Users Are Provided Clear, Essential Information: Users are provided ready access to clear, contextually relevant information that is appropriate for the intended audience (such as health care providers or patients), including the product’s intended use and indications for use, performance of the model for appropriate subgroups, characteristics of the data used to train and test the model, acceptable inputs, known limitations, user interface interpretation, and clinical workflow integration of the model. Users are also made aware of device modifications and updates from real-world performance monitoring, the basis for decision-making when available, and a means to communicate product concerns to the developer.
Deployed Models Are Monitored for Performance, and Re-training Risks are Managed: Deployed models have the capability to be monitored in “real world” use with a focus on maintained or improved safety and performance. Additionally, when models are periodically or continually trained after deployment, there are appropriate controls in place to manage risks of overfitting, unintended bias, or degradation of the model (for example, dataset drift) that may impact the safety and performance of the model as it is used by the Human-AI team.

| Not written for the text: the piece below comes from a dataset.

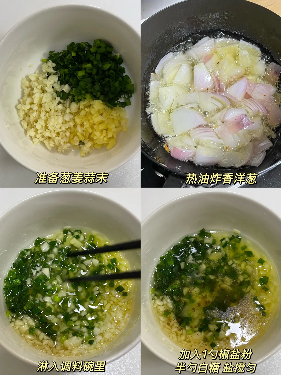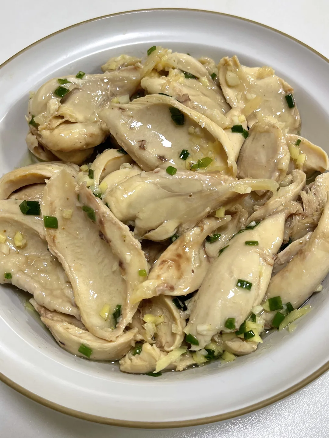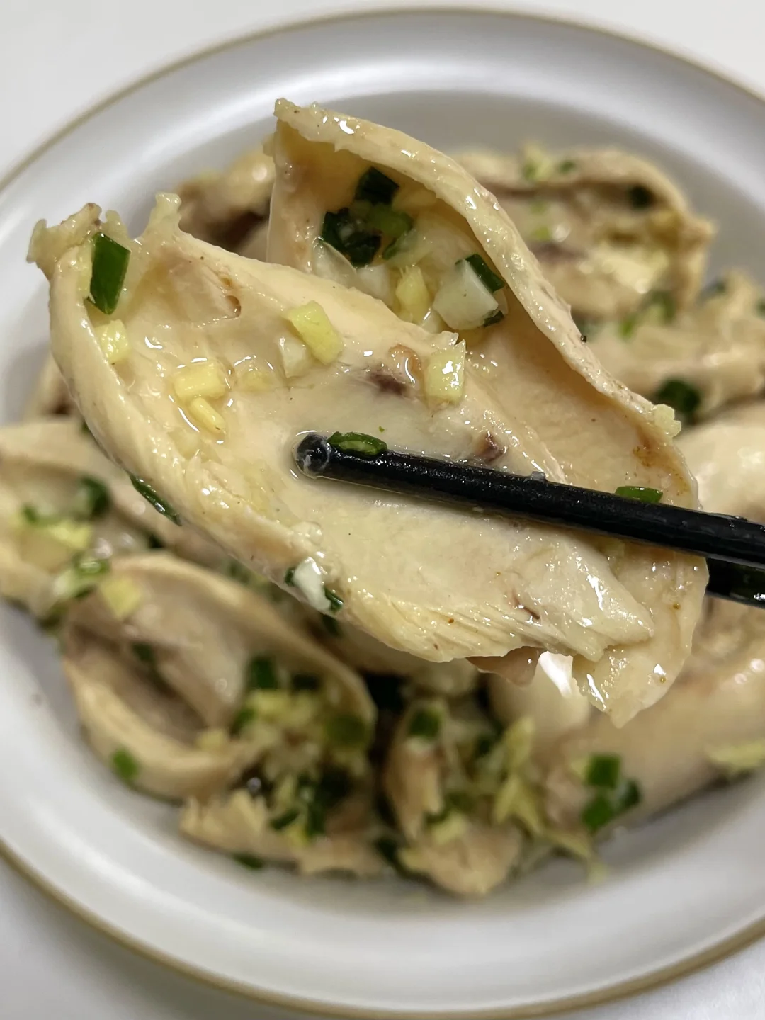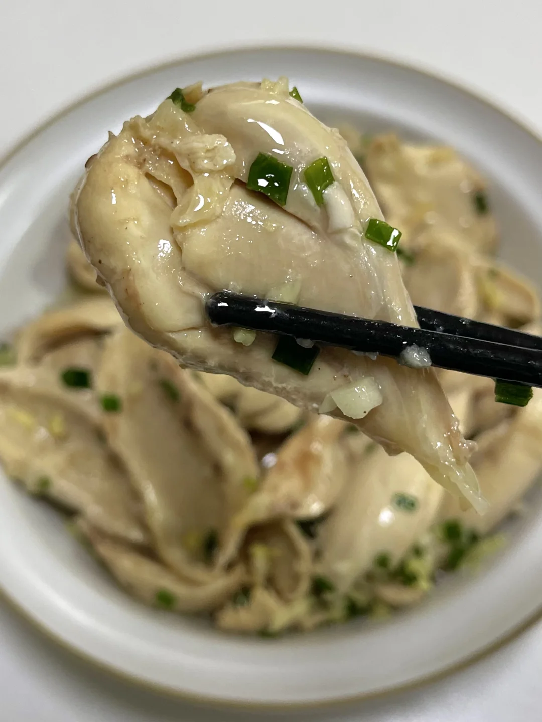这个葱油鸡腿真的太太太香啦!! 超嫩滑~香香嫩嫩的 一口下去淡淡的葱香味~ 连吃几个都不腻!! - 准备一碗葱油汁: 碗里切好葱姜末,泼入热油 加入一勺椒盐粉 半勺盐、糖搅匀 鸡腿加葱姜、料酒煮25分钟 捞出用凉水浸泡五分钟 撕成大块 葱油汁倒入鸡腿肉中即可

AI/ML technologies have the potential to transform health care by deriving new and important insights from the vast amount of data generated during the delivery of health care every day. They use software algorithms to learn from real-world use and, in some situations, may use this information to improve the product’s performance. But they also present unique considerations due to their complexity and the iterative and data-driven nature of their development.

The 10 guiding principles identify areas where the International Medical Device Regulators Forum (IMDRF), international standards organizations, and other collaborative bodies could work to advance GMLP. Areas of collaboration include research, creating educational tools and resources, international harmonization, and consensus standards, which may help inform regulatory policies and regulatory guidelines.

The guiding principles may be used to:

Adopt good practices that have been proven in other sectors
Tailor practices from other sectors so they are applicable to medical technology and the health care sector
Create new practices specific for medical technology and the health care sector

As the AI/ML medical device field evolves, so too must GMLP best practices and consensus standards. Strong partnerships with our international public health partners will be crucial if we are to empower stakeholders to advance responsible innovations in this area.